The desktop version of the website has been around for roughly two years, gaining some decent traffic with almost no marketing and promotion: according to the founder, during that period the site received some 60 million visits and became one the top 15,000 websites in the US.

It also drew support from some notable experts and organizations, like the American media theorist and writer Douglas Rushkoff, Fight for the Future's campaign director Evan Greer, former EFF's executive director Lori Fena (who also seats in Minds.com board of advisors), Creative Commons and others.

From the privacy point of view, Minds protect users conversations through asymmetric encryption. "We have zero knowledge of the content of the messages on our platform because they are encrypted end-to-end and we do not have access to them ourselves. If an intelligence agency came to us and asked for conversations between the users, we couldn't give it to them," Ottman says.

But the real deal, the feature Ottman is betting on, is the fact that users will be able to get viral reach just for using the app. On Minds's app, everybody will have a wallet and will earn points for every action, from voting on objects to sharing, commenting on a friend's post, or uploading their own pictures and videos: and with these points they will be able to boost the content to new audiences.

"Say I earn 100 points for using the app for an hour: I can go to a photo or video I uploaded and boost views for that object, and for free.
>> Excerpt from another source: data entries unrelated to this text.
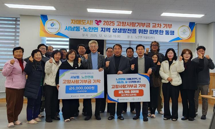 À̳¯ ³ë¾È¸éÀº ¼³²µ¿¿¡ 550¸¸ ¿øÀ», ¼³²µ¿Àº ³ë¾È¸é¿¡ 600¸¸ ¿øÀÇ °íÇâ»ç¶û±âºÎ±ÝÀ» »óÈ£ Àü´ÞÇÏ°í ¾ç Áö¿ª °£ÀÇ ²ÙÁØÇÑ ¿ìÁ¤°ú Çù·Â °ü°è¸¦ ÀçÈ®ÀÎÇß´Ù.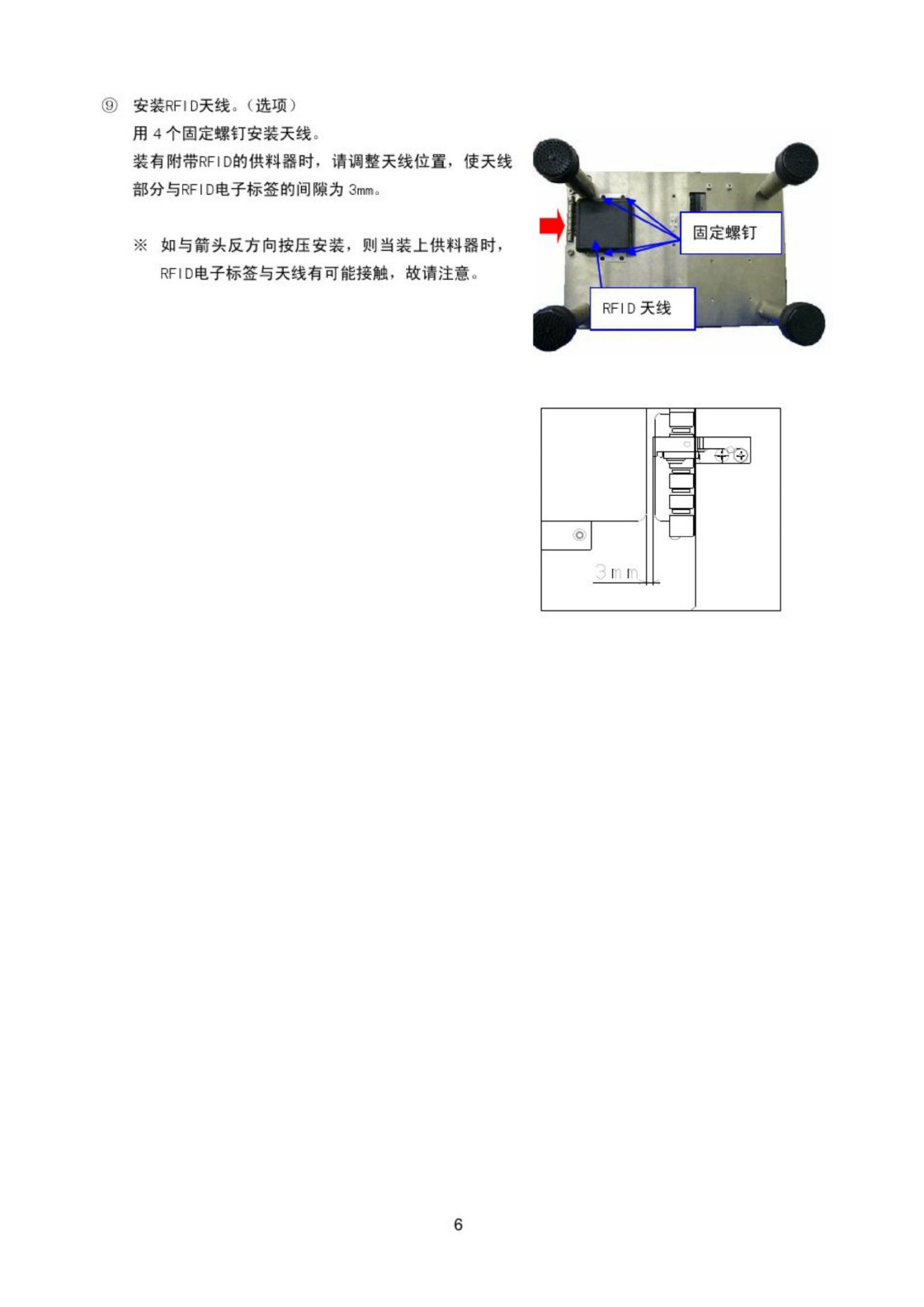 ⑨ 安装 RFID 天线 。 ( 选项 ) 用 4 个固定蠼钉安装天线 。 装有附带 RFID 的供料器时 . 请调整天线位置 . 使天线 部分与 RFID 电子标签的间隙为 3 mm 。 固定螺钉 》 如与箭头反方向按压安装 , 则当装上供料器时 , RFID 电子标签与天线有可能接触 , 故请注意 RFID 天线 6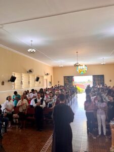 Dia 06 de Agosto, por ocasião do mês vocacional as Irmãs Lúcia Silva e Hilarilda Cordeiro de Matos, participaram do encontro Vocacional, organizado pela Paróquia Nossa Senhor da Conceição em Tabatinga -Maranguape-Ceará. O encontro teve inicio com a Santa Missa, em seguida o café comunitário, animação do conjunto e logo após Irmã Lucia Silva foi convidada a dar o seu testemunho vocacional, o que contribuiu para despertar a atenção de aproximadamente 100 jovens ali presentes. Irmã Lúcia enfocou aspectos relevantes da sua Vocação e Consagração Religiosa como: Uma vocação que nasceu do testemunho de vida da família dedicada à comunidade; a escolha e discernimento pela Congregação Capuchinha por observar o testemunho da vida das Irmãs na missão e na vivência do carisma franciscano juntas aos mais necessitados; acolher o Dom de cantar, tocar e compor como instrumento para evangelizar e ser evangelizada junto às comunidades e todo o povo de Deus, e o último aspecto enfocado foi o desafio de deixar o país pela missão além Fronteiras na Itália, contudo, acolhida da gratuidade de Deus na vida de missão e contemplação, o que lhe proporcionou internalizar a Mística e Espiritualidade Franciscana e dimensão de Despojamento ao beber na fonte de São Francisco, sendo presença missionária e oração junto aos peregrinos, no Santuário do Despojamento em Assis Itália e atualmente no Brasil. Durante o encontro aconteceram mais dois depoimentos: Irmão Agostinho Maria que abordou aspectos do despertar vocacional de forma diferente, fora da família, um caminho de muitas luzes e discernimento. Por fim Pe. Vicente Diocesano deu o seu testemunho, iniciando com a apresentação dos seminaristas diocesanos. O encontro foi encerrado com a Bênção com o Santíssimo. Por tudo demos graças ao Senhor!

You can also pay for boosts. But we want to create a mechanism in which users are rewarded just for using the app and where privacy is protected," he tells me.

Will it be enough to make the app popular? Hard to say. The company says Minds already has over 30k users in private beta with a potential reach at launch of 30M the first week with the support of alternative media groups, like ExposingTheTruth, or AlternativeWorldNews.

Other open source social networking projects, like Diaspora, while commendable in themselves, failed so far to gain widespread adoption.

Ottman seems quite confident not to face the same destiny. "I think the being the fist open source mobile social networking app is going to increase adoption dramatically. Diaspora also is different from us: they don't have mobile, their website is very complicated and their messaging system is also not encrypted."

In pure YouTube style fashion, Minds.com will also give users the chance to monetize the video content on their 'channels' (basically their facebook page or profile) running pre-roll video ads, with a revenue sharing model - part of the money will go to the user, part to the platform. Other opportunities could arise from selling, on a subscription basis, the chance of creating one's own social network using the Minds.com framework and infrastructure.

"It's like WordPress, you give say, ten bucks a month, and you get your own website," Ottman says, "the ultimate plan is creating a social network of social networks, where everybody can have their own social network and their own app, and create that in just a few minutes. It will be all open source and people will be able to modify it and host it themselves, if they want."

But this is scheduled to launch later, in the summer; right now, Minds' staff is just focusing on mobile.